Data extract:
========================================================================
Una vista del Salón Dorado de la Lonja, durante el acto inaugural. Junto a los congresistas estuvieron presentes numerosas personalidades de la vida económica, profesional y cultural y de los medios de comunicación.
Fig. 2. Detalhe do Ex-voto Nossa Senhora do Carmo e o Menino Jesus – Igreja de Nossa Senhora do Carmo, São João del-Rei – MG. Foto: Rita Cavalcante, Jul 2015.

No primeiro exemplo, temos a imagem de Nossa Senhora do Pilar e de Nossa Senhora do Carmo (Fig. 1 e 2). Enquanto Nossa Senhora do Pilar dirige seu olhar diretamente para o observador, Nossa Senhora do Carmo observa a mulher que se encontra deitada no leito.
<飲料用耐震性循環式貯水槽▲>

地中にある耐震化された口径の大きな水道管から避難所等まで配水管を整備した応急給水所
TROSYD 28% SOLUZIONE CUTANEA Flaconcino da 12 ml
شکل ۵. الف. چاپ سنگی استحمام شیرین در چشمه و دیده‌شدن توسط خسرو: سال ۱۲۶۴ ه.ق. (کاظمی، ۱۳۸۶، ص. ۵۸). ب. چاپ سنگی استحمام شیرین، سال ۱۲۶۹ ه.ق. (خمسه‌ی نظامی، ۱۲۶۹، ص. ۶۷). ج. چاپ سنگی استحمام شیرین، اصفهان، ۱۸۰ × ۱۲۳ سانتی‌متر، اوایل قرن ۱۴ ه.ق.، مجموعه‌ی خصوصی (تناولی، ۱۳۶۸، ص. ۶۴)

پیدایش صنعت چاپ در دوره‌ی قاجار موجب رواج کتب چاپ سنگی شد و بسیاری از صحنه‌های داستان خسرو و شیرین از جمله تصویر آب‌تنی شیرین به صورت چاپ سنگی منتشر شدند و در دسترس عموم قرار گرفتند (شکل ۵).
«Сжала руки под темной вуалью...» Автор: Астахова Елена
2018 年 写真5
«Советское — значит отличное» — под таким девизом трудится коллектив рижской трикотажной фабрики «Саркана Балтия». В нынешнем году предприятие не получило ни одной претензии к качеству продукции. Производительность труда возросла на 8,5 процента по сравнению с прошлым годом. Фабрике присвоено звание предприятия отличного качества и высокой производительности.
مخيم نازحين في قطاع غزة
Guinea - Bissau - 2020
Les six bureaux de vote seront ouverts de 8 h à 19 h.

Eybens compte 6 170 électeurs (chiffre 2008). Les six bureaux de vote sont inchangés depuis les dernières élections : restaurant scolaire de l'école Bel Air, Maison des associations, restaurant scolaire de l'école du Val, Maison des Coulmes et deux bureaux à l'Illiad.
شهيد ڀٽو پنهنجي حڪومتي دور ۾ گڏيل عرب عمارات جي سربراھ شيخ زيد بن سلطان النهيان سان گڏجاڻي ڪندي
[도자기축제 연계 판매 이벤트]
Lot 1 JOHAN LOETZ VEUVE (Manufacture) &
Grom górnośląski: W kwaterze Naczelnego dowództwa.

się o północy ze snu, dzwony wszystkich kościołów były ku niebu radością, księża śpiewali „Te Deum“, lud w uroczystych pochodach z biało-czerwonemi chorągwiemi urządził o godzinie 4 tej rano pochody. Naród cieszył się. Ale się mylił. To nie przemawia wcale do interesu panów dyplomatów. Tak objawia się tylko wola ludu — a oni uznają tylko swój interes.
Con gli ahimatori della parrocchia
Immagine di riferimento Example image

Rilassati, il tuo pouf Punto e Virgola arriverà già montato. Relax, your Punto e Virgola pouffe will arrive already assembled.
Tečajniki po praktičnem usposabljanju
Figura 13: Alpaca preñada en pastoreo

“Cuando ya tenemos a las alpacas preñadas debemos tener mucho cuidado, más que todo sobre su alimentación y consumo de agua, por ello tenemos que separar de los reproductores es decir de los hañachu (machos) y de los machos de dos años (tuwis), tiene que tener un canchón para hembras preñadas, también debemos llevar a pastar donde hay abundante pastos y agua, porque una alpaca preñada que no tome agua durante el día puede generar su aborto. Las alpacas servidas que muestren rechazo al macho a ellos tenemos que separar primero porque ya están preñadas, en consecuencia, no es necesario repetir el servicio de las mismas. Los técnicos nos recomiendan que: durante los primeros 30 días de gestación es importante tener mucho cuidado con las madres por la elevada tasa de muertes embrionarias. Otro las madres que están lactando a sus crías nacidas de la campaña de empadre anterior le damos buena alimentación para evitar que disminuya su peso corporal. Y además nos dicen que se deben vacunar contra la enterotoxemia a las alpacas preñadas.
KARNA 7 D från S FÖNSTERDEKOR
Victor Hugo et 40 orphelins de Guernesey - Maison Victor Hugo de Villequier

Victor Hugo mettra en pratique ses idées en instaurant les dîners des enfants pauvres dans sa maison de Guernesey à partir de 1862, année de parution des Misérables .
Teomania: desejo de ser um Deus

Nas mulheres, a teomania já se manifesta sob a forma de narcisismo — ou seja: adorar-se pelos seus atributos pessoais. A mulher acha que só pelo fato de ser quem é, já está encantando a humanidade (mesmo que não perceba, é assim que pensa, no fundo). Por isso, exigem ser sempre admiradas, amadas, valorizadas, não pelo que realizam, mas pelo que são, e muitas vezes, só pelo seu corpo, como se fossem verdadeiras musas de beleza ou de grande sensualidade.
========================================================================
Exercise: Where does the word "Hugo" appear in the material above? Copy every line that holds it.

Written response:
Victor Hugo et 40 orphelins de Guernesey - Maison Victor Hugo de Villequier
Victor Hugo mettra en pratique ses idées en instaurant les dîners des enfants pauvres dans sa maison de Guernesey à partir de 1862, année de parution des Misérables .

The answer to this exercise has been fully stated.